Tucker Carlson slams ‘The View’ cast for criticizing his take on the breakdown of American families

Thursday’s edition of Fox’s Tucker Carlson Tonight was a case study in facts versus feelings.

The show’s eponymous host scorched members of ABC’s The View for suggesting that his Wednesday monologue on the breakdown of the American family was somehow “loony town.”

“Yeah, loony town,” Carlson retorted, pointing out that “no one contested the facts of what we said.”

Fact versus fiction

The televised feud began on Wednesday when Carlson ran an extended segment arguing that “culture and economics are inseparably intertwined.” The Fox News anchor and Daily Caller editor-in-chief presented the breakdown of the American family as the most imminent problem facing the country in 2019.

“The real problem [in America] is families. America used to be the best country in the world for families,” Carlson wrote in an accompanying op-ed published by Fox News. “Americans could get married and afford to raise their own children. If your kids worked hard, you could expect that maybe they’d be a little more successful than you were. That was what we called the ‘American Dream.'”

But that life order exists no longer, Carlson said, citing statistics from a number of studies, including the liberal Brookings Institute.

“Falling male wages caused about a quarter of the decline in marriage rates over the last 35 years,” he said, referring to a 2015 study. “Two years later, MIT researchers found that when factories close, marriage rates go down and single parenthood becomes more common. That — as you can guess — causes a high proportion of children to wind up on drugs or in prison. So it’s not a small thing.”

Take a look at Carlson’s full monologue:

The hysterical response

Before airing The View’s response to his monologue, Carlson insisted that he was simply reciting the facts during his Wednesday show. “So what we said was a statement of fact. We wish it weren’t. In an ideal world, none of this would matter. The marriage rate never would have declined when manufacturing died and everything in middle America would be fine,” he said.

“But it’s not,” Carlson continued, “and we’re not in charge of that. All we can do is tell the truth about what happened — which we did, because it actually matters.

“And that turned out to be too much for the people who believe it’s their job to prevent you from knowing why your country is going down the tubes. Those people got very angry. Here’s a selection,” Carlson said.

The all-female cast of The View, who have developed a reputation for sparring with conservative guests and succumbing to hysterics at the mention of President Donald Trump, mocked Carlson for daring to suggest that economics and family are intrinsically linked.
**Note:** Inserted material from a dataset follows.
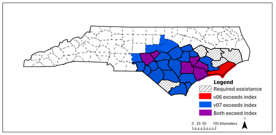 The northeastern counties requiring FEMA assistance but not flagged as exceeding the precipitation frequency analysis in v06 or v07 (Pitt, Beaufort, Hyde, and Pamlico Counties) experienced flooding due to coastal storm surge and downriver flooding [68]. Therefore, this could be one limitation of the utilization of precipitation as an indicator of flooding and damages due to extreme precipitation.

Without offering a counter-argument of their own, the mostly-liberal cast dismissed Carlson’s arguments as pure insanity.

“It reminds me of when they blamed women for pregnancies as if he had nothing to do with it,” said Joy Behar, a veteran co-host of the daytime program. Whoopi Goldberg, the show’s moderator, attributed Carlson’s presentation to crazy male chauvinism.

“Men fight it, they don’t want to feel like this, but they’ve been raised a certain way to believe that they’re supposed to be the breadwinners,” Goldberg said. “And so there’s all kinds of craziness out there that makes people do and say things that are really kind of questionable.”

Abby Huntsman, the newest member of The View and the show’s token Republican, disagreed with Carlson’s assertions but said that he has a “heart of gold” behind the scenes.

“It looked like Looney Town to me,” said the far-left out-of-work actress Sunny Hostin. “He seemed real nutty to me.”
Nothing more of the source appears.